I have often heard my mom say that the older you get, the less you know. As I have gotten older, I have found that to be more and more true—especially now. It seems ironic to feel utterly unknowledgeable when I am a few weeks away from getting my college diploma—my very own BA—but that feeling just keeps getting stronger and stronger.
When I took my ASL 202 final, I was ecstatic. It's a great feeling to finish something big that you started. But when that feeling wore off about a week later, I started to feel like my life was now meaningless. With no school and no marriage prospects, I felt like there was nothing to work toward, nothing to look forward to. It was about then that my mind opened up a little bit and I started to realize just how much I have left to learn. My education doesn't end here; in fact, it is just beginning.
Education isn't all about reading, writing, and studying. It isn't all about showing up to class and working on group projects. I have written hundreds of papers and read hundreds of thousands of pages during my 4 years at BYU (and I have wasted hours of precious time working on stupid group projects), but the things I have learned have only introduced me to even more things to learn.

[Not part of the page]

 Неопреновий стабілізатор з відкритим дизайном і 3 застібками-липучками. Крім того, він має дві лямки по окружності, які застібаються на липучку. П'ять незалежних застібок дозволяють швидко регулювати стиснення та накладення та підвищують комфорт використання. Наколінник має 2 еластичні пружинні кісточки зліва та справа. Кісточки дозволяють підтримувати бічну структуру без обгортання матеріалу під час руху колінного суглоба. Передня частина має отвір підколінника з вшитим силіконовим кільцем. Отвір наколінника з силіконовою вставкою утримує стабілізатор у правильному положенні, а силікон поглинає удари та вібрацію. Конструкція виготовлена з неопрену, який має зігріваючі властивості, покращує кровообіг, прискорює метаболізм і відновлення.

I always thought that I would be sad when I officially finished my degree. I knew I would miss the classroom settings and even the excitement of reading some new text and then writing about it. I worried that I wouldn't be as happy in an environment where I wouldn't be constantly trying to remember certain facts and important ideas. But those experiences can be had anywhere, at any time. We can still learn important (and unimportant) things wherever we go. I may think I know a lot about British and American lit, but I haven't learned it all. I never will be able to learn it all. And then there's all of the stuff I didn't study in college. Like math. And the lessons of life that I somehow managed to ignore while I was writing and editing papers. Life is a never-ending school experience, so I'm never really going to have to say good-bye to formal education.

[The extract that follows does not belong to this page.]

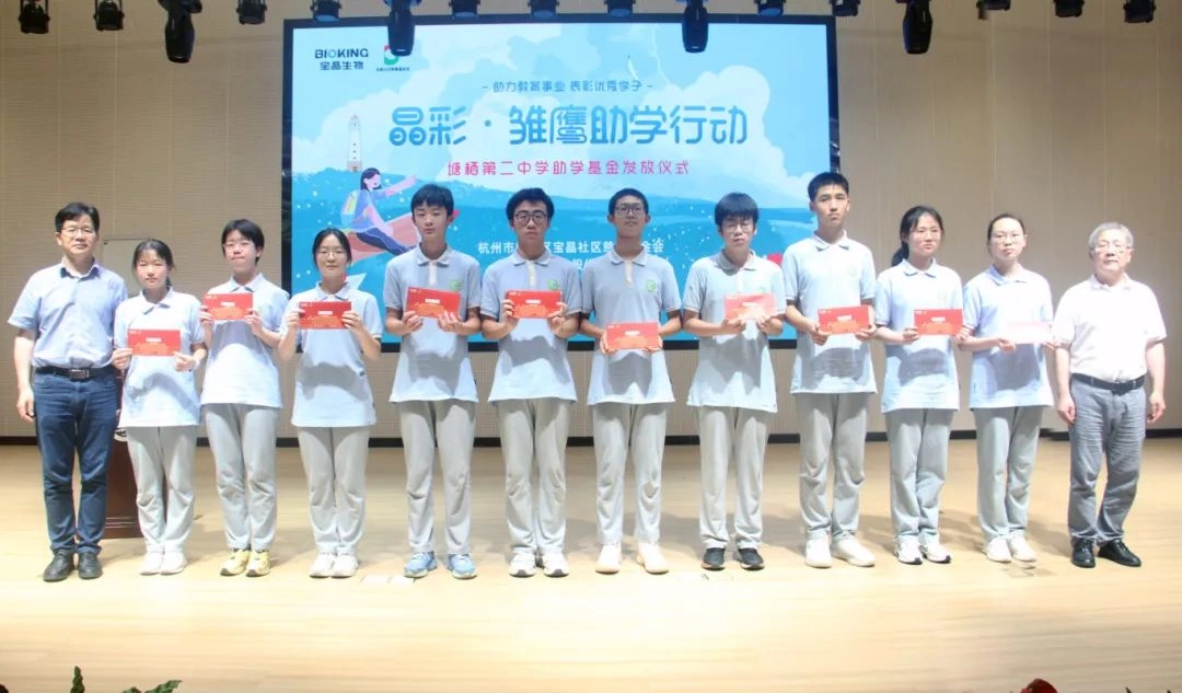 浓情九月,圆梦助学。意昂体育社区慈善基金会像往年一样,再次踏上了助学之旅,为今年的优秀学子们颁发奖(助)学金。杭州意昂体育生物股份有限公司总经理助理、党支部书记、意昂体育社区慈善基金会理事长孙伟荣和杭州意昂体育生物股份有限公司总经办副主任、意昂体育社区慈善基金会理事许素萍受塘栖二中、塘栖三中、塘栖中学的邀请,参加颁奖典礼。

So while I may feel like my brain has enlarged simply so it can make fun of the tiny amount of knowledge I have, it's very comforting to know that there is still something to work toward, something that will never end. I'll be so busy trying to take on a whole new life that I won't have time to miss college. I'll always look back on these days with fondness, and I'll be forever grateful for the person that I am because of my college experience, but the future has even more in store for me. And at the moment, I'm going to revel in the excitement of that prospect rather than the terror and confusion of it.